- Developer: Great Ape Games
- Publisher: Annapurna Interactive
- Director: Gary Napper
- Platforms: PlayStation 5; Windows;
- Release: 2027
- Genre: Survival horror
- Mode: Single-player

= The Lost Wild =

Upcoming video game

The Lost Wild is an upcoming survival horror video game developed by Great Ape Games and published by Annapurna Interactive. It is planned for release in 2027 for PlayStation 5 and Windows. The game follows Saskia, an investigative reporter who wakes on a mysterious island populated by dinosaurs and explores abandoned research facilities while attempting to survive.

== Gameplay ==
The Lost Wild is played from a first-person perspective. The player controls Saskia and explores a wilderness containing abandoned research facilities, scavenging for items while avoiding dinosaurs. Gameplay focuses on evasion rather than combat, with the player using stealth, hiding places, distractions, environmental objects, and non-lethal tools to survive encounters.

The dinosaurs are designed to behave as animals rather than monsters, with encounters built around observation, caution, and restraint. Items such as flares and makeshift weapons can be used to distract or temporarily intimidate predators, but the player is generally not equipped to kill them.

== Premise ==
The game is set on a mysterious island with overgrown research facilities surrounded by prehistoric wildlife. Saskia is guided by a voice over a radio while trying to uncover what happened on the island and why it was abandoned. The narrative is intended to unfold through exploration, environmental details, and player observation rather than heavy exposition.

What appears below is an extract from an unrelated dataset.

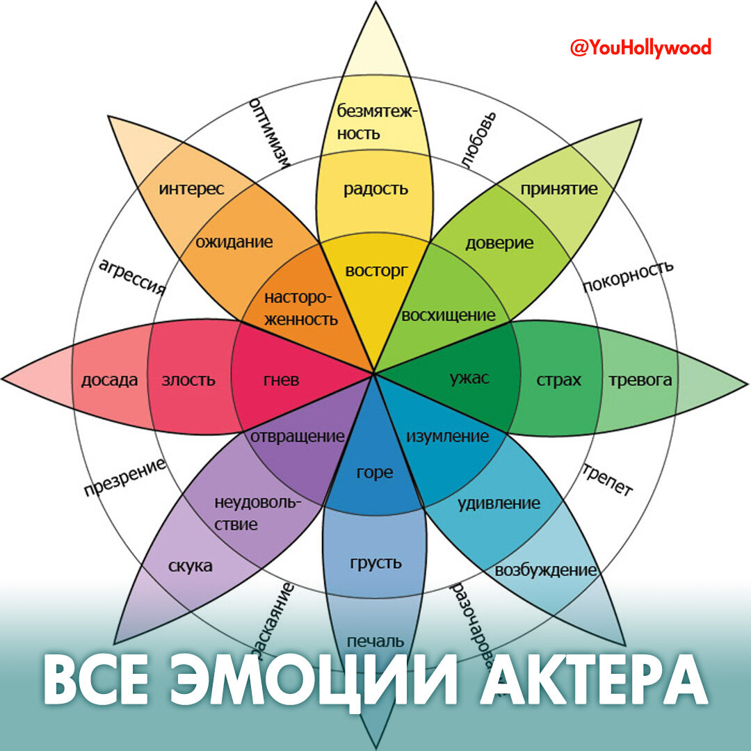 Сперва ЛАЙК, как обычно. Молодцом! 👍👍 Я обещал рассказать обо всех возможных эмоциях человека. Были такие ученые: Келлерман и Плутчик. Еще в 62-м году ими был опубликован труд, который вообще-то к актерам не имел никакого отношения. Он был о психологии и защитных процессах в организме. Долгая история. Чем это поможет нам? А дело в том, что это "колесо чувств" описывает все эмоциональные состояния человека. 6 основных направлений: ВОСХИЩЕНИЕ, ВОСТОРГ, НАСТОРОЖЕННОСТЬ, ИЗУМЛЕНИЕ, ГНЕВ, УЖАС, ГОРЕ и ОТВРАЩЕНИЕ. Они парно-противоположны друг другу. На соседних эмоциях возникают дополнительные чувства (любовь, покорность, трепет) итд. Просто внимательное изучение этой таблицы даст тебе исчерпывающее понимание всех форм человеческих эмоций. 🤔 Что может быть важнее для актера? Можешь и теорию Плутчика почитать, но это долго, нудно и не совсем из нашей оперы. Достаточно знания обо всех видах и связях эмоций в организме человека. Теперь можешь вернуться к актерской "карте эмоций", если пла
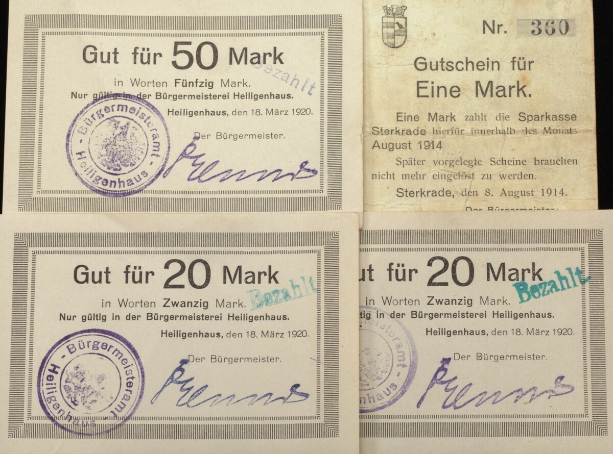 - Germany Notgeld 4pc Lot - (1) 1914 Sterkrade & (3) 1920 Heilingenhaus

== Development and release ==
The Lost Wild is developed by Great Ape Games, a studio based in Brighton, United Kingdom. The project was in development before its publisher announcement, with early work supported by personal investment from the developers and an Epic MegaGrant. By January 2022, the game was in an early pre-alpha state, with publicly shown footage captured from a playable section of approximately 45 minutes. The game was developed with influences from survival horror and adventure games, including Resident Evil, Dino Crisis, Trespasser, Alien: Isolation, Half-Life, and Firewatch. Game director Gary Napper said that his experience working on Alien: Isolation influenced the game's horror design, particularly its use of restraint, anticipation, and unpredictable encounters.

Great Ape Games partnered with publisher Annapurna Interactive, which revealed the game in July 2022. The game is set to be released in 2027 for Windows and PlayStation 5.